Is it just me, or has the weather changed this week to be a bit more ass numbingly chilly? I don’t mind so much as long as the wind stays down and we still get some sunshine!
Onwards with this weeks three things.
3 ways to calculate your calorie needs and deficit for fat loss
This was prompted by a question on IG about the best way to calculate calorie needs and how to find your deficit for fat loss, if you don’t want to count calories. So I gave my answer which is below, along with 2 other options you could use. For the purpose of the blog, I decided to start with the most accurate and work down from there.
To get a really good idea of your calorie needs, and therefore your deficit, you need to track for 2-3 weeks. Making sure you are consistent, accurate and honest about everything you put in your face. Assuming that there is no significant weight change over that time, then the daily average will be your maintenance calorie intake.
From there it’s simply a decision of where to start your calorie deficit. I’d recommend 20%. Be consistent with that for a couple of weeks and adjust up or down based on the changes you see. Note the I said a couple of weeks, not a couple of days…It takes time for your body to adjust and respond to a deficit, so be patient and be consistent, then adjust if you need to.
If you want to get straight into it, then a simple calculation is all you need to give you starting point. Take your weight in pounds (kgs x 2.2) and multiply by either 10 or 12. 10x gives you a more aggressive cut, 12x is more moderate. Choose which would be best for you.
You could also do a calorie cycling style approach with both numbers in play.
For example 75kg = 165lbs
10x 165 = 1650
12x 165 = 1980
So on training days you could go with 1980kcals, and on off days you could go with 1650. Both are in your deficit range but you get more calories to use during training. You could also switch the higher days to the weekend if you know you’re more likely to eat more then.
Again, be consistent and accurate for a couple of weeks and adjust as needed.
Use a portion control method such as PNs hand size portions or take photos of your meals to get an idea of your current serving sizes, then simply reduce the portions of carbs and fats by around a quarter, keeping, or increasing your protein and veggie servings sizes.
This is a less accurate method but it does work well if you are willing to put a little effort into it.
I’ve had success with clients on all three approaches, and if you would like some help with getting started, just send me a message and I’ll be happy to help.
Doing cardio the right way
Cardio is a boring but essential part of training. Done badly, it can just leave you feeling broken and struggling to recover, but done well it can boost your fitness, improve your recovery and provide a whole host of other benefits.
When cardio is done badly it’s because no thought has gone into your effort levels and the outcomes you want. Most people go too hard for it to be any use aerobically, and not hard enough for it to be anaerobic. They’re stuck in a dead zone and make no progress. So here are 2 options for you to try and implement to boost your cardiovascular fitness and your results.
- Low and slow. 20-45 minutes at a heart rate of between 110 and 135. If your HR goes above 135 then you have to ease up and get it back down. Ideally, you will do the whole session breathing just through your nose to force yourself to slow up, since you can’t suck in massive amounts of air through your nostrils. This will benefit your aerobic system.
- Short and intense. Like an espresso. All these classes that promise 45 minutes of high intensity workouts clearly don’t understand that if the session is high intensity, it’s not going to last 45 minutes, and if it lasts 45 minutes, it cant be high intensity. It might be hard, but that’s different. So we’re looking at probably 4-8 minutes of intervals at >90% of your max effort. For example 15 seconds of work with a 45s recovery. I tend to prefer machine based stuff for this, for example, a rower or bike, but swings work well if you have good, consistent technique.

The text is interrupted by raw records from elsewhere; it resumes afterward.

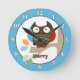 Owl in Tree Tops Personalised Wall Clock - Blue
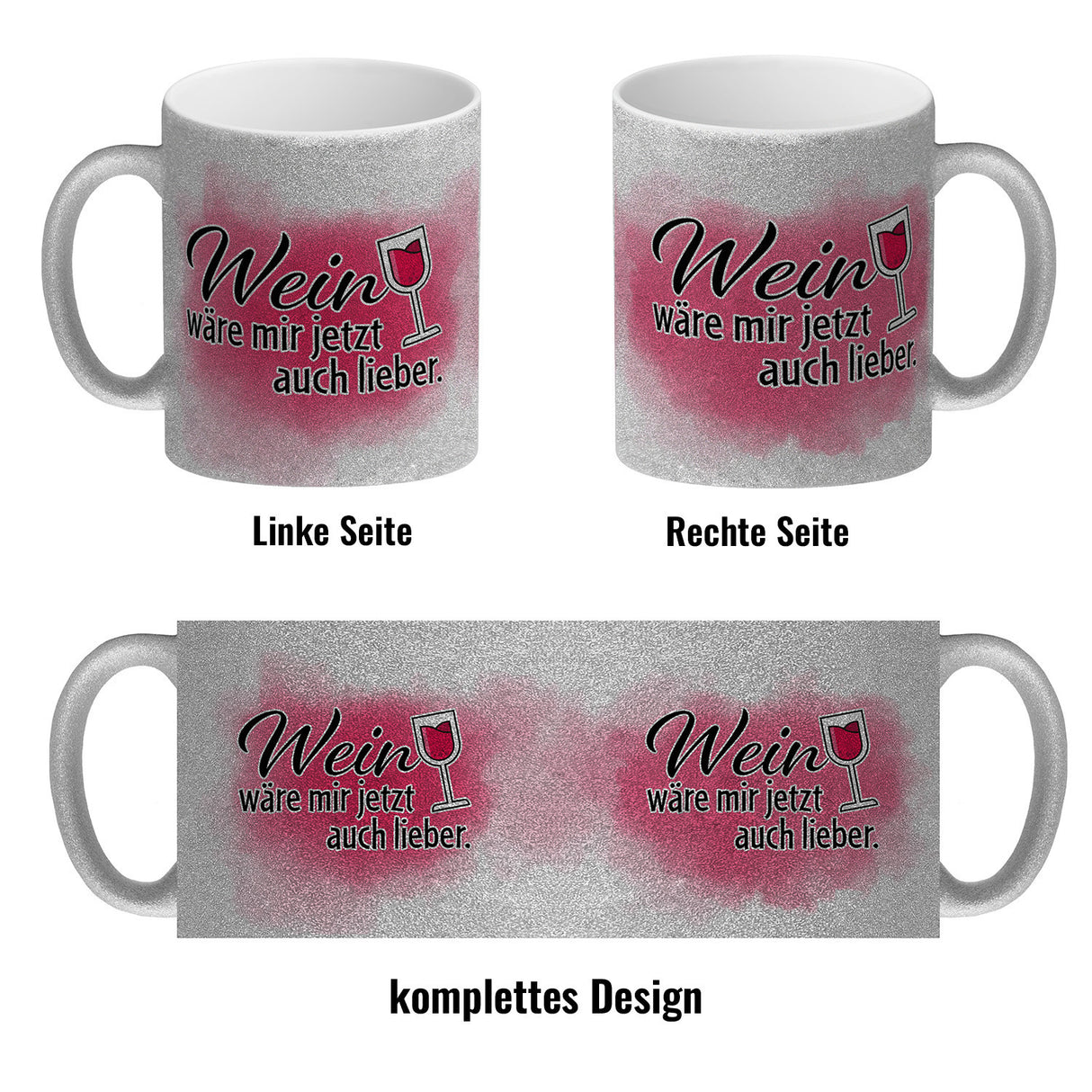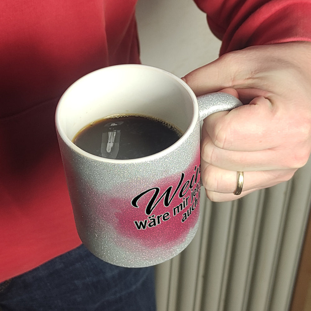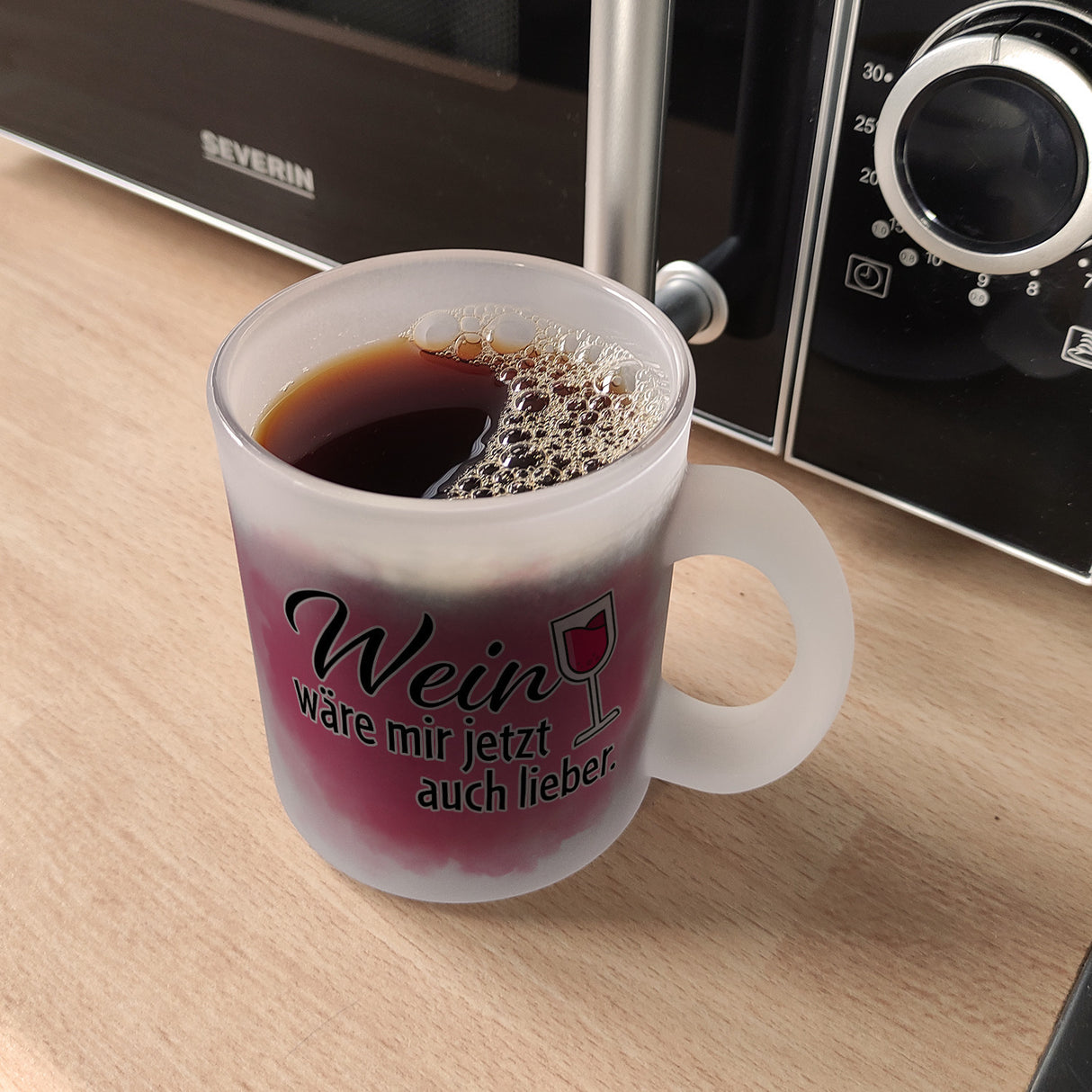 Verleihen Sie Ihrer Kaffee- und Teepause ein neues, schönes Gefühl mit dem Wein wäre mir jetzt auch lieber Kaffeebecher. Dieser Becher ist die perfekte Wahl für alle Weinfans, die nicht nur Tee oder Kaffee trinken möchten. Erhältlich in verschiedenen Varianten, als weiße Standardtasse, mit farbigem Henkel und Innenseite, als edle Glastasse oder in der exklusiven Silberedition mit Glitzereffekt. Jeder Becher wird mit Sorgfalt in Handarbeit hergestellt und hat ein edles Weinglas Motiv sowie weinrote Farben. Egal ob als Geschenk für Kollegen oder als kleine Belohnung für sich selbst - dieser Kaffeebecher ist eine tolle Ergänzung für jede Arbeitspause! Genießen Sie Ihren Lieblingswein auf stilvolle Weise und lassen Sie sich daran erinnern: „Wein wär mir jetzt auch lieber“!
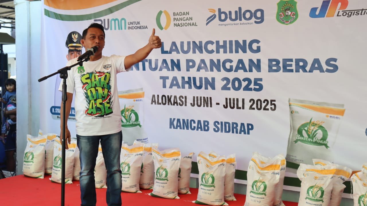 Penyerahan bantuan ini merupakan hasil sinergi antara Pemkab Sidrap, Perum Bulog Cabang Sidrap, dan Dinas Sosial dalam program nasional bantuan pangan beras untuk alokasi Juni–Juli 2025.
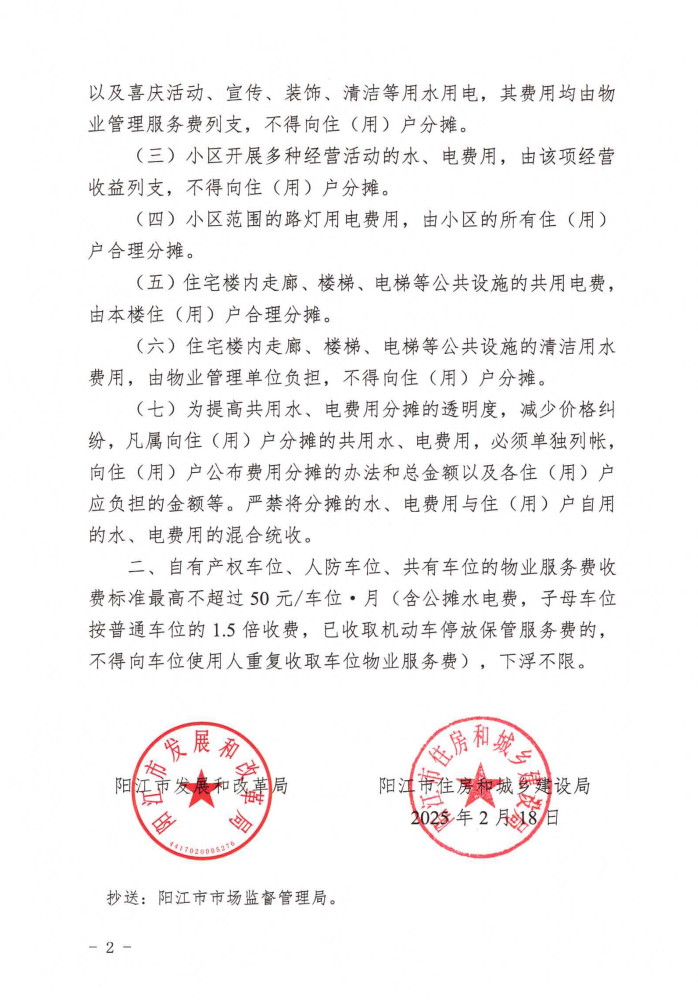 一、住宅小区物业服务收费中的共用水电费分摊按如下规定执行。

Your short, but effective warmup
You don’t want to be spending a load of time on your warmup, particularly if your gym, like mine, has a limit on the time you can spend training. You want to get in, get going, and get gone. And if you are working out at home, you still need some kind of warm up to make sure you are in a good position to get some work done without an injury risk.
So give this a try:
Bear crawl x 5 steps out and back. If you limited for space, 1 step forward, 1 back x 5. Or switch to a static bear crawl.

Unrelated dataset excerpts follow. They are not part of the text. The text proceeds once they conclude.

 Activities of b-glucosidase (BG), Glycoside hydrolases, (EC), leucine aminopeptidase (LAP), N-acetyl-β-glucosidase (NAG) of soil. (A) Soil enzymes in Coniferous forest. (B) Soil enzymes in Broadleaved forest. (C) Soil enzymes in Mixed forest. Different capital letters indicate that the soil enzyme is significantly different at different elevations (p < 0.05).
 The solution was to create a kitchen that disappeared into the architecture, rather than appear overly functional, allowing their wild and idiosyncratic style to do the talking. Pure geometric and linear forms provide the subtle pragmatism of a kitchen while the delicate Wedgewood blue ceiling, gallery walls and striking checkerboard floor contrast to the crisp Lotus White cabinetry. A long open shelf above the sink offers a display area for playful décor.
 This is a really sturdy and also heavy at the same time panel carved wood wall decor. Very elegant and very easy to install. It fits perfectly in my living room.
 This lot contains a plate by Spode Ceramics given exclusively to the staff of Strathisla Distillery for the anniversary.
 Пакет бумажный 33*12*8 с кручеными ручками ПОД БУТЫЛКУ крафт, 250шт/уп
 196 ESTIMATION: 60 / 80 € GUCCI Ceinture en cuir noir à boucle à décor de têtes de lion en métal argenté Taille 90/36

The best stretch in the world x 5/ side
Side plank with a hip lift x 8/s. You can regress this to a standard side plank, a short side plank from your knees or a reverse side plank depending on your ability/ injury issues.
Sl RDL x8 per side
Bodyweight squat x10-15
You hit a lot of movement qualities including upper back extension and rotation, hip mobility and stability, core strength, and a bunch more.
Give it a try a give your training a boost.